Another medical student, Emmett Holt, assisted Howell and isolated another compound from liver with anticoagulant properties, which they termed heparin to distinguish it from the heparphosphatide of McLean. Although McLean focused on cephalin and its applications, Howell continued to study anticoagulants from liver and, in 1922, presented a paper to the American Physiologic Society on the isolation of an anticoagulant molecule from an aqueous extract of liver, which did not contain phosphate but was rich in carbohydrate, particularly glucuronic acid. This material is most likely the compound we recognize today as heparin. The potential clinical importance of such an anticoagulant was quickly recognized and heparin attracted the attention of Nobel Laureate Charles Best and his colleagues at the Connaught Laboratories in Toronto. Best assembled a team of chemists, physiologists, and clinicians with the goal of establishing heparin as a useful drug. A Swedish group also began work on heparin with similar goals. By the 1940s, heparin was ready for clinical use. However, its debut was delayed until the end of the Second World War.
While the heparin project evolved in Canada and Sweden, McLean worked briefly at several academic institutions trying to establish himself as an academic physician. He eventually settled in Columbus Ohio in a private practice and worked in a local hospital. At this time, he initiated a long campaign to establish himself as the discoverer of heparin. He corresponded with Best and others on this subject and tried to argue that the material he isolated in 1916 was identical to the heparin later isolated by Holt and Howell, and further purified by Best and his colleagues. McLean wrote to many of the leaders of academic medicine and science about his role in the discovery of heparin and began a detailed account, which he never finished because of his death in 1957. Two years after his death, his unfinished commentary “The Discovery of Heparin” was published in Circulation .

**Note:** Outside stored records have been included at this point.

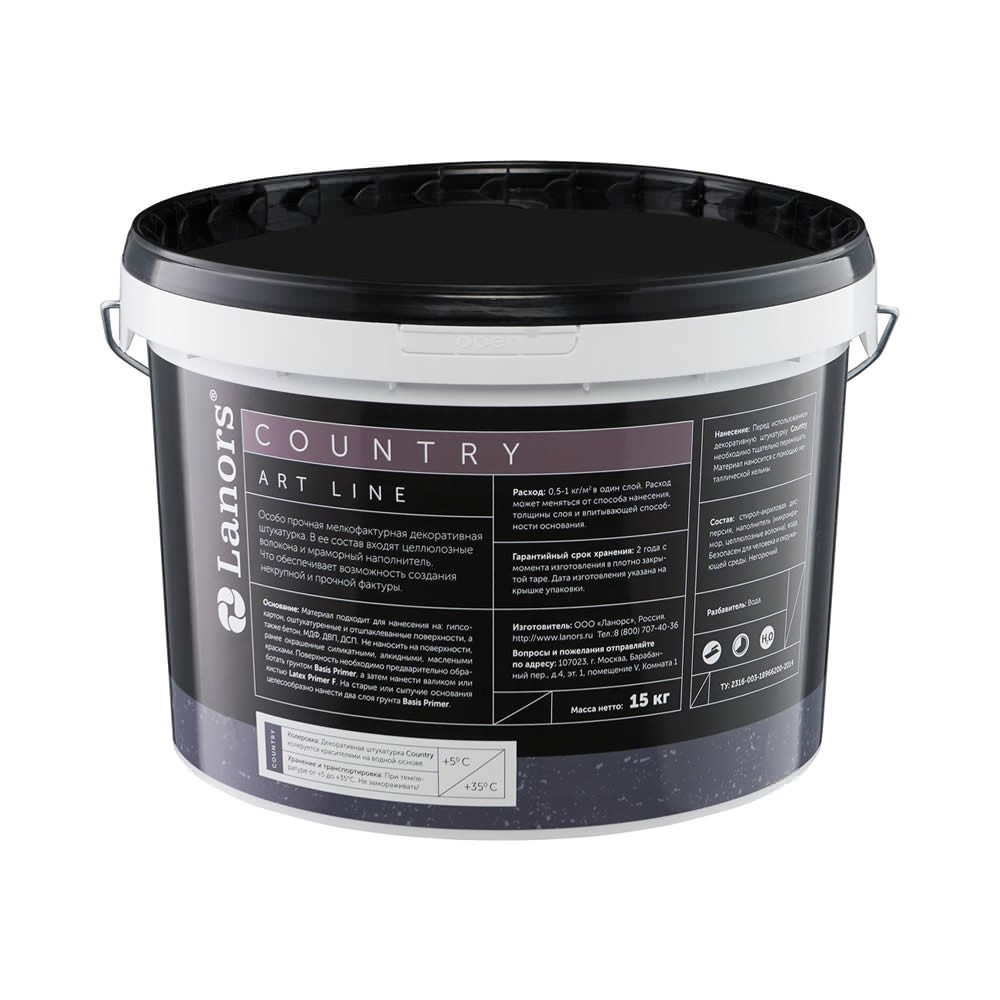 В состав декоративной штукатурки Lanors Country входят целлюлозные волокна и мраморный наполнитель, которые позволяют создавать некрупную и прочную фактуру. Колеруется красителями на водной основе.
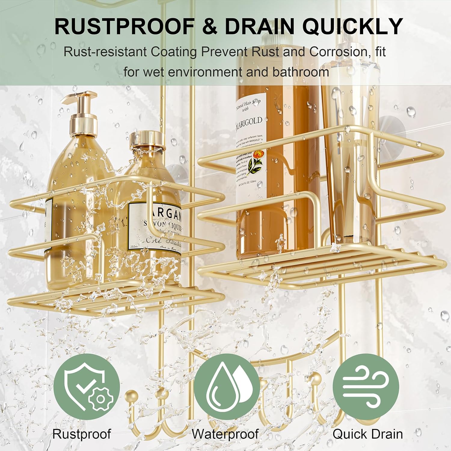 - Rustproof & Fast Draining - SRIWATANA shower rack is made of durable iron and powder coating, which not only prevents rust but also stands up to times of use. Suitable for wet environments like bathrooms. This hanging shower organizer is hollowed out design, making drainage more convenient and allowing shower supplies to dry more efficiently after use, also reduces the risk of rust.
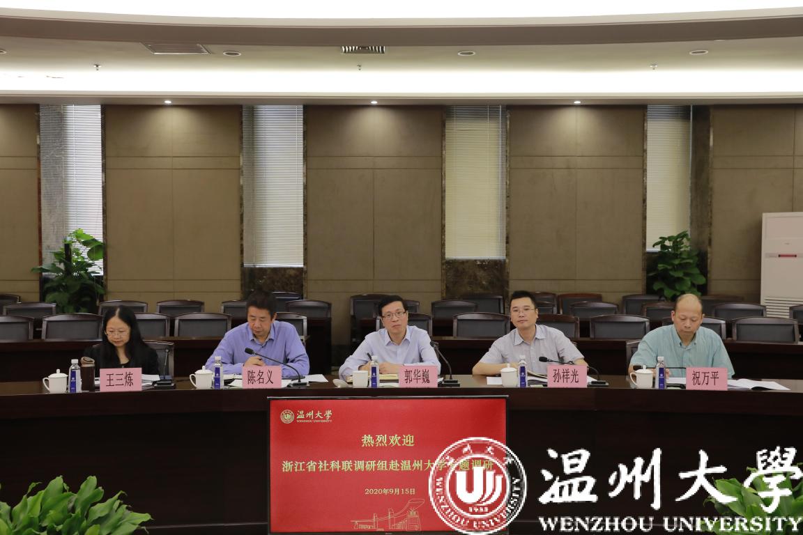 9月15日上午,浙江省社科联党组书记郭华巍一行来我校调研,市社科联党组书记、主席孙祥光等陪同调研。校领导、相关党政部门负责人、省部级社科基地负责人及人文社科处全体人员参加调研会。

After the fact, it is hard to assess the 2 conflicting tales. It is certain that McLean found something in dog liver that acted as an anticoagulant and I think he deserves credit for the concept of a natural anticoagulant. Howell and others are probably also correct that the material eventually developed into a clinically useful anticoagulant differed from the material McLean originally discovered in the Howell laboratory. Most people, who have not delved into all the details, believe McLean discovered heparin and did not receive appropriate credit. In fact, I have taught this to my students. I now think that McLean was over-reaching by demanding sole credit for the discovery. Had he been willing to share the credit with his mentor Howell and, perhaps, others in the laboratory who worked on the project, he might have died a happier man. We will never know.